Madonna shows the new generation of divas she’s still top of the pops
4 out of 5 stars
With digital technology making it possible to create hits quite acceptably in your spare room, the older studios are feeling the pinch, and keen to find new ways of monetising their profile. Which may be why Abbey Road’s Studio 2, is tonight playing host to a playback of the new Madonna album, MDNA.
She’s opted to work primarily with three co-producers, the Italian Marco “Benny” Benassi, Frenchman Martin Solveig, and Englishman William Orbit – all of them celebrated for their cutting-edge work in electronica. Orbit, of course, has worked with Madonna before, helming the hugely successful Ray Of Light album; but he’s not the only echo of former glories present on MDNA, which at times seems determined to remind one of her previous achievements.
There’s the faint melodic similarity to “Hung Up” in part of “Give Me All Your Luvin’”; the reference to Brando in the obvious hit single “Superstar”, which reminds us of “Vogue”; and the religious undertones of “I’m A Sinner”, with its lines about “Mother Mary, full of grace” and “Jesus Christ up on the cross”, which is like a less complex play with the same themes so brilliantly manipulated in “Like A Prayer”.
Is she, one wonders, bringing the full weight of her CV to bear in re-establishing her pop dominance in the face of inroads made by the likes of Rihanna, Beyoncé and Lady Gaga? Because MDNA represents a determined, no-nonsense restatement of the Madonna brand following the lacklustre Hard Candy, on which her hip-hop collaborators failed to apply their talents as rigorously as they might.

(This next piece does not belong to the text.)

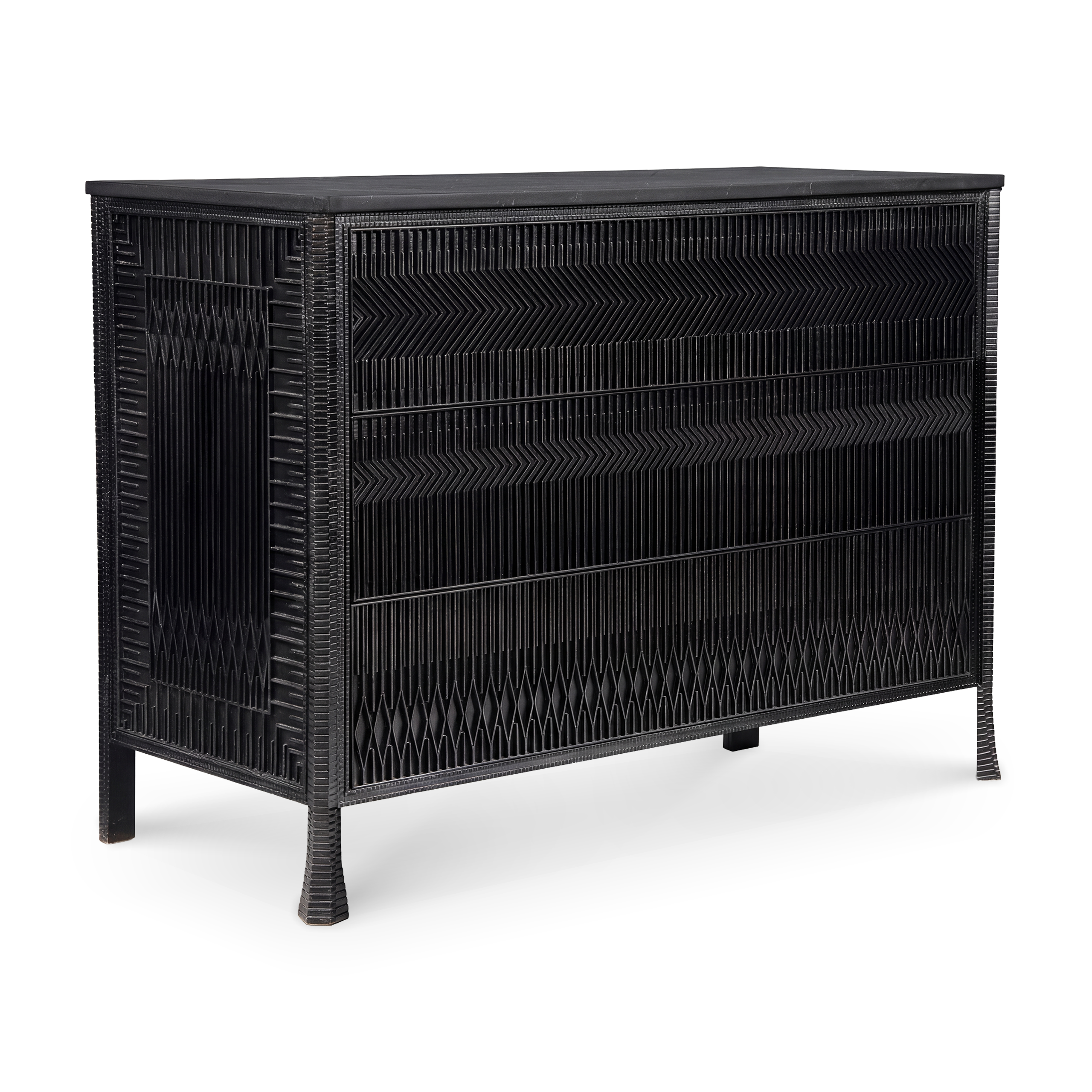 La atrevida cómoda Beaumont se alza orgullosa. El impresionante mármol negro acentúa la complejidad de su diseño geométrico. Una cuidadosa combinación de precisión mecánica y técnica manual. Esta belleza caleidoscópica está hecha para destacar y se apoya en unas delicadas y fuertes patas de alas abiertas.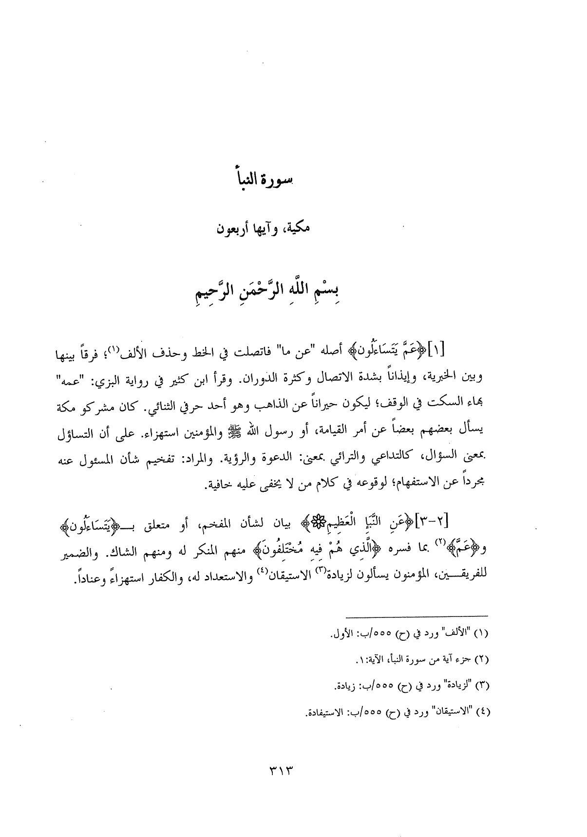 عَمَّ يَتَسَاءَلُونَ (1) أصله " عن ما " فاتصلت في الخط وحذف الألف؛ فرقاً بينها وبين الخبرية، وإيذاناً بشدة الاتصال وكثرة الدوران. وقرأ ابن كثير في رواية البزي: " عمَّه " بهاء السكت في الوقف؛ ليكون حيراناً عن الذاهب وهو أحد حرفي الثنائي. كان مشركو مكة يسأل بعضهم بعضاً عن أمر القيامة، أو رسول اللَّه - صلى الله عليه وسلم - والمؤمنين استهزاء. على أن التساؤل بمعنى السؤال، كالتداعي والترائي بمعنى: الدعوة والرؤية. والمراد: تفخيم شأن المسئول عنه مجرداً عن الاستفهام؛ لوقوعه في كلام من لا يخفى عليه خافية.

Here, the likes of Solveig and Benassi, for all their parochial successes, are still hungry enough to ensure the zonking great beats and synthesiser riffs are sculpted for maximum propulsion. “Girl Gone Wild” opens the album with a variant on the “girls just wanna have fun” theme, Madonna’s introductory spoken “confession” quickly giving way to a fulsome electro stomper laced with blurry dubstep touches. “Gang Bang” is all too eager to court controversy, its martial beat and twitchy minimal strands of synth hosting the star’s arch commands to “Die, bitch!”. M.I.A. and Nicki Minaj guest on “Give Me All Your Luvin’”, chanting “L! U! V! Madonna!” before contributing babble-raps swamped by the techno pulse.
Minaj reappears on “I Don’t Give A”, like a henchman adding muscle to Madonna’s assertive claims of being the best: “There’s only one queen, and that’s Madonna, bitch!”. Wherever Lady Gaga is, her ears are probably burning.